━━━━━ Records for the task ━━━━━

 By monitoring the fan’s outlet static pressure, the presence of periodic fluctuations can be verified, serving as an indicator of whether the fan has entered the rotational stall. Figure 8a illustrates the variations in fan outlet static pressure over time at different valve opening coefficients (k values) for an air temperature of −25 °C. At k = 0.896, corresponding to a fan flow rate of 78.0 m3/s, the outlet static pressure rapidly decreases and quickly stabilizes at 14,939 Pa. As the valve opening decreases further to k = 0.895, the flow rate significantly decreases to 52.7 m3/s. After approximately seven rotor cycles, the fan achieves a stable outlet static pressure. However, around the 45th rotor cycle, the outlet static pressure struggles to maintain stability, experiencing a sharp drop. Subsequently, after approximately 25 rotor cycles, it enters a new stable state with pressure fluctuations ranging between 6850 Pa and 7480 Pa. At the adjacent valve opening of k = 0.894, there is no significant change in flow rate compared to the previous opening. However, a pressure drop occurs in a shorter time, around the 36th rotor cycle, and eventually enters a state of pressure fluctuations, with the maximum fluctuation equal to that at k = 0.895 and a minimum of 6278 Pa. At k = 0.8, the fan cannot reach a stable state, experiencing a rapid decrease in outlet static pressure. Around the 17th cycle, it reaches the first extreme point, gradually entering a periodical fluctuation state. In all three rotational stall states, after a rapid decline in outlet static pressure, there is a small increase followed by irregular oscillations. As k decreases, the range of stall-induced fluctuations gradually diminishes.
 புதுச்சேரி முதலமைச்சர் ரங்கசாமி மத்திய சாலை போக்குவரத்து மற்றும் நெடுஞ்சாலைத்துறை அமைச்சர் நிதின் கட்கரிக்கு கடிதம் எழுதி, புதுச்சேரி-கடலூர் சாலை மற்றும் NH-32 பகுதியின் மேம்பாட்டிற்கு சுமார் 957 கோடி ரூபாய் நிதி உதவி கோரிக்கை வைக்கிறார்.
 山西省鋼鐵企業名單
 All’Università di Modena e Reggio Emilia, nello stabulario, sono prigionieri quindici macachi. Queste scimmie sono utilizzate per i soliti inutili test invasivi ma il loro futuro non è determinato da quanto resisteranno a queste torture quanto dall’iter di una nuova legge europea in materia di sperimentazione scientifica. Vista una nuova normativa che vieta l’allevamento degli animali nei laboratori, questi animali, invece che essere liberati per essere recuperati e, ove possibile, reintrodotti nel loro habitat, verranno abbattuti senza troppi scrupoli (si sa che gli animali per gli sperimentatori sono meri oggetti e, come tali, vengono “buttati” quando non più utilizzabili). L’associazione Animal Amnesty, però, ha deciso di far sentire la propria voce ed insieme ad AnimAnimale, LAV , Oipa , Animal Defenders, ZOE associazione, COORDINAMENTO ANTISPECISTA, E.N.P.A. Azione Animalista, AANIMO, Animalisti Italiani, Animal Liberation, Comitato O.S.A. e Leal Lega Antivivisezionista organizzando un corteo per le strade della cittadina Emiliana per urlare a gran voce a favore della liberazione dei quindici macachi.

━━━━━
━━━━━ Records for the task ━━━━━

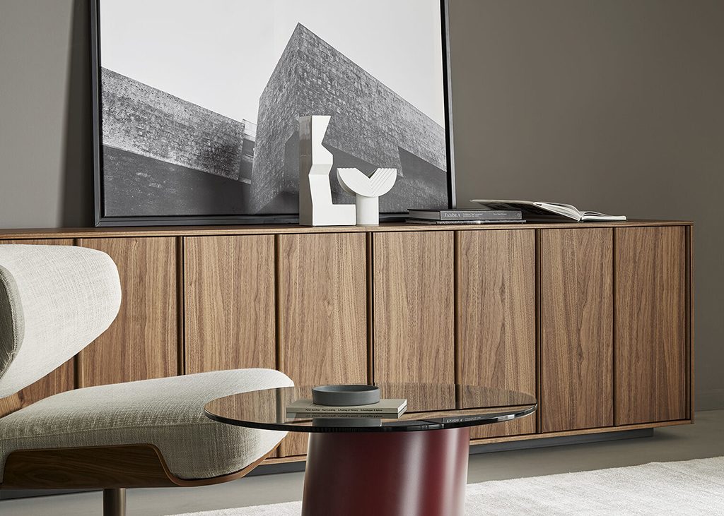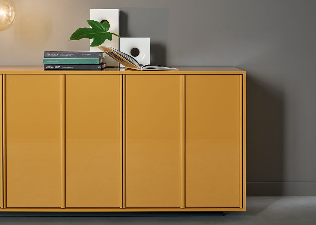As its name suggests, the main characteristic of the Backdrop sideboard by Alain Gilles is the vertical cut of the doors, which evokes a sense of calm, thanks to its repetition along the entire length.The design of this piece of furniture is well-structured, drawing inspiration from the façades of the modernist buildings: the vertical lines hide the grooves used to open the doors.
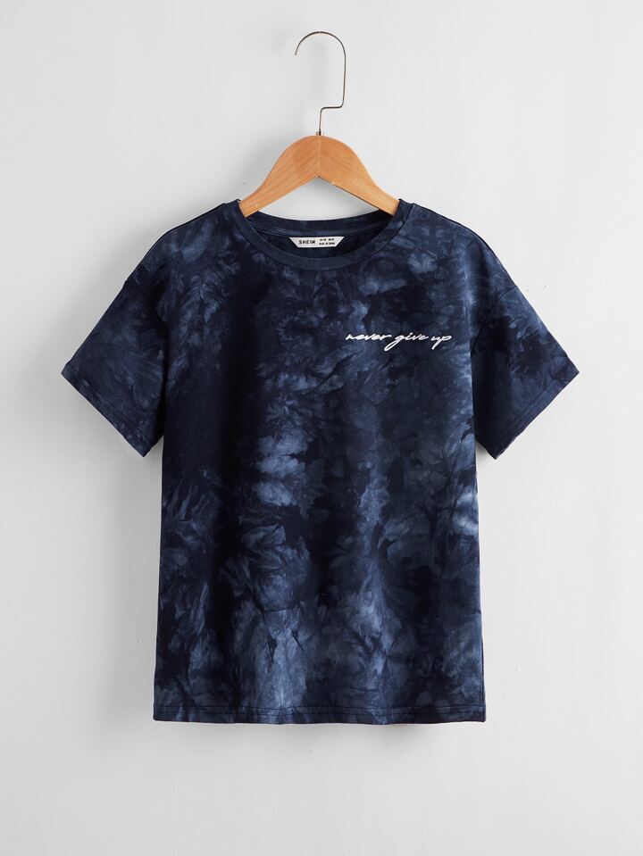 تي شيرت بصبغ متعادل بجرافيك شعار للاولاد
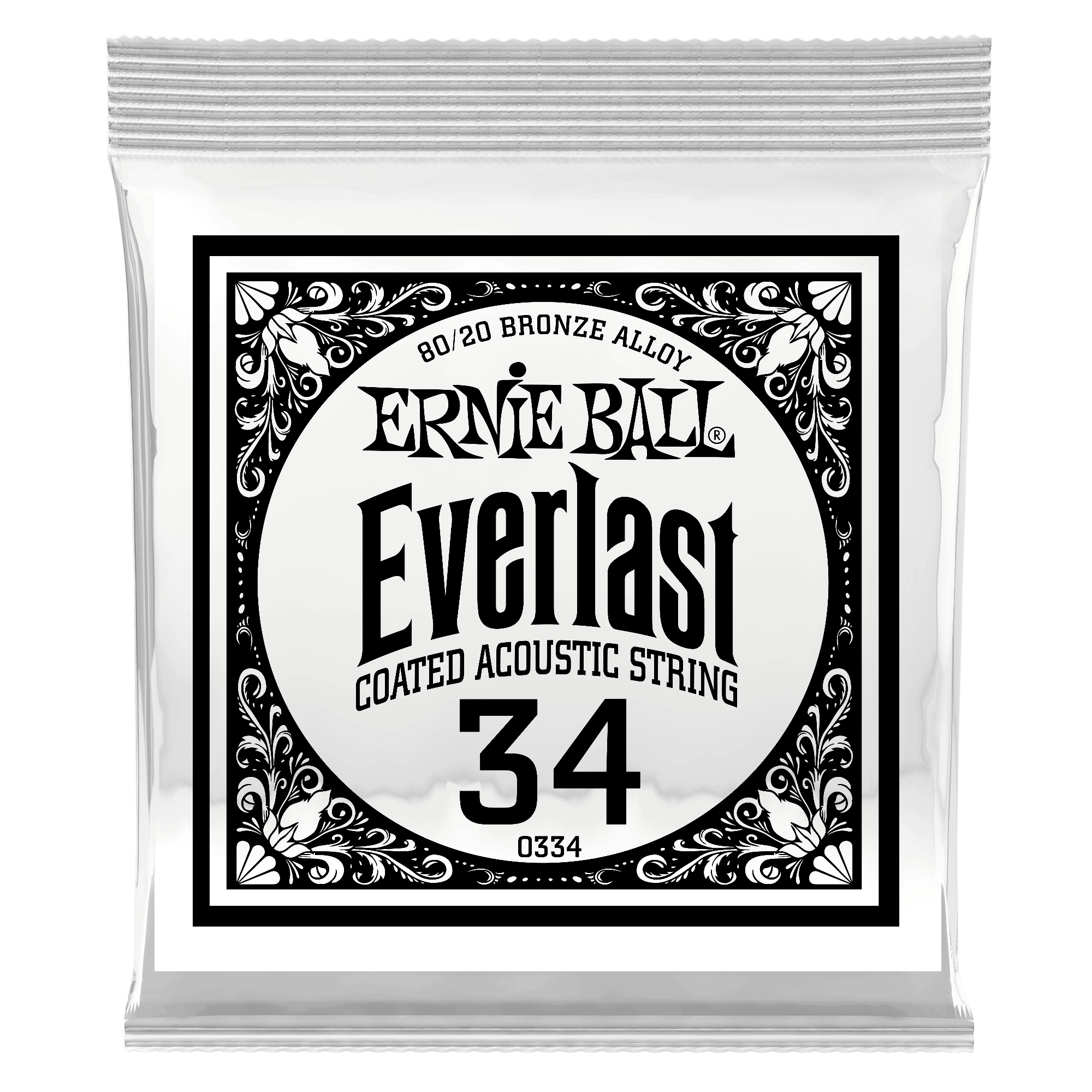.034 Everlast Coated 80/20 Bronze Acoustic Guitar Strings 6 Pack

━━━━━

■ **Work task**: Beginning with the line holding "تي شيرت بصبغ متعادل بجرافيك شعار للاولاد" in the material above, restate word for word each line through the line holding "Strings 6 Pack", and exclude pictures.

■ **Task solution**:
 تي شيرت بصبغ متعادل بجرافيك شعار للاولاد
.034 Everlast Coated 80/20 Bronze Acoustic Guitar Strings 6 Pack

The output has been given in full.